My unexpected father: How my Khalu became more than an uncle
As I scroll through my social media feeds on Father's Day, I'm met with a sea of heartfelt tributes to dads. Friends share stories of guidance, love, and support, recounting the significant influence their fathers have had on their lives. But for me, Father's Day has always been a bittersweet reminder of an absence.
It's one of the nights in the year when I have trouble sleeping. Losing my father at the age of eight left me too young to fully grasp what it meant to have a father, to feel his influence and presence.
But life has a way of surprising us.
When my mother decided we would move to the apartment above Moon Auntie's, my maternal aunt, everything changed. Her husband, my 'Khalu,' entered my life just when I needed a father figure the most. Despite his demanding role as a top government official, he always made time for us, filling a void I hadn't fully acknowledged.
One of my fondest memories is of the little journeys we used to take from time to time during holidays. On one such trip, I experienced traveling by plane, train, and ship for the very first time!
The thrill of each new mode of transportation was exhilarating – the rush of takeoff, the rhythmic clatter of train tracks, the scenic car drives, and the majestic expanse of the ocean from the ship's deck.
As we explored new places together, I felt a sense of freedom and joy that I had never experienced before. However, my Khalu was not one to coddle or spoil.
During my teenage years, I was often more trouble than triumph. I struggled academically through sixth and seventh grade, fixated on a foolish dream of becoming a football player despite my dismal grades.
One day, after receiving yet another poor report card, Khalu looked at me with a blend of humour and wisdom and said, "Back in our day, we called them progress reports, but yours looks like a regress report!" His words, though humorous, carried a weight that made me reflect deeply even as I laughed.
I still laugh when I think about the time I was obsessed with getting a pair of expensive Adidas signature series Lionel Messi boots. I was convinced that wearing them would somehow magically grant me Messi-like skills on the football field. I nagged Khalu relentlessly, believing those shoes were essential.
His response was a lesson in priorities: "Focus on getting branded grades before chasing after branded shoes!" Even though I can afford those pricey football boots now, his words echo in my mind, guiding my choices and reminding me of what truly matters. Yet, when I was made captain of my school's football team, he was the first to buy me a pair of football boots.

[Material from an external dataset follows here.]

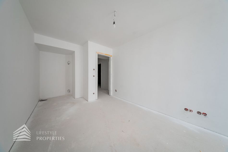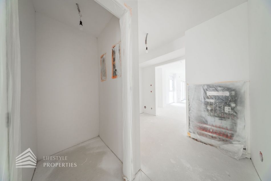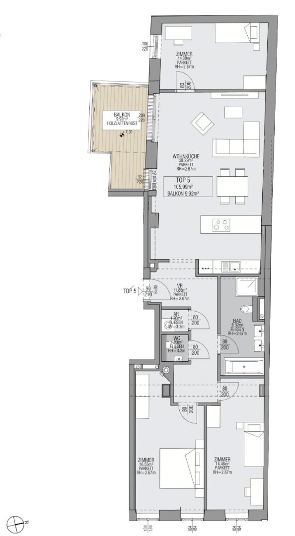 Sie betreten die Wohnung und befinden sich im Vorraum. Links gelangen Sie in eine großzügige Wohnküche mit Anschlüssen für eine offene Küche von hier haben Sie Zugang zum schönen Balkon. Gleich neben der Wohnküche befindet sich eines der Zimmer. Beim Eingang rechts gelangen Sie zu den zwei anderen Schlafzimmern. Der Abstellraum mit Waschmaschinenanschluss und das Badezimmer welches mit einer Badewanne, einer Dusche, einem Doppelwaschbecken und einem WC ausgestattet ist, sowie ein separates WC befinden sich im Vorraum.

When Covid-19 hit, the pandemic brought a new chapter in our relationship. As the world moved online, I became his assistant, setting up Zoom meetings and helping him with his presentations. These tasks, though simple, gave me a glimpse into his world.
During one Zoom meeting, I listened to him discuss the importance of access to justice for marginalised communities in Bangladesh, and how the lack of transparency in the legal system perpetuates inequality. Witnessing him navigate these complex topics with clarity and compassion was transformative. I remember watching him speak with such passion and conviction, feeling a sense of pride and admiration.
Those hours spent listening to him discuss law, politics, and ethics were enlightening. He often emphasised that justice isn't just about the letter of the law but about its spirit—ensuring equality and fairness for all. I was struck by his dedication to understanding the human impact of policies and decisions.
He taught me that life's challenges often exist in the gray areas, where right and wrong are not always clear-cut. His unwavering commitment to justice and equality inspired me to think more deeply about the world and my place in it. I began to see the power of empathy and understanding in creating positive change, realising that even small actions can have a transformative effect when guided by a commitment to justice and compassion.
Beyond academics, Khalu imparted invaluable life lessons. He taught me the importance of integrity, kindness, and the beauty of small joys. I remember how he would often take us to events where he was invited to speak, passionately advocating for others' rights. Watching him in action was inspiring, and his impact on students, colleagues, and the common people was profound.
This very inspiration even led me to apply to my university's law programme despite my background in mathematics and sciences in high school. Although I am studying engineering now, he taught me that each of us can contribute meaningfully in our own way, and that is enough.
As I reflect on my own experiences, I'm reminded of the significant impact my Khalu has on my life. When friends express their desire to be like their dads, I understand deeply. I've seen how they look up to their fathers, aspiring to emulate their strengths and values.
I often tell my friends that if I could be even ten percent of who my Khalu is, my life would be well-lived. He has set a high standard, one that I strive to meet every day. His wisdom, patience, and love have left a lasting impression on my life, guiding me toward the person I am today.
Father's Day can be bittersweet without one, but having someone as amazing as my Khalu more than fills that space. His guidance and kindness have greatly influenced my journey. The things he did for me, even when he wasn't required to, have shaped who I am today. For that, I am forever grateful.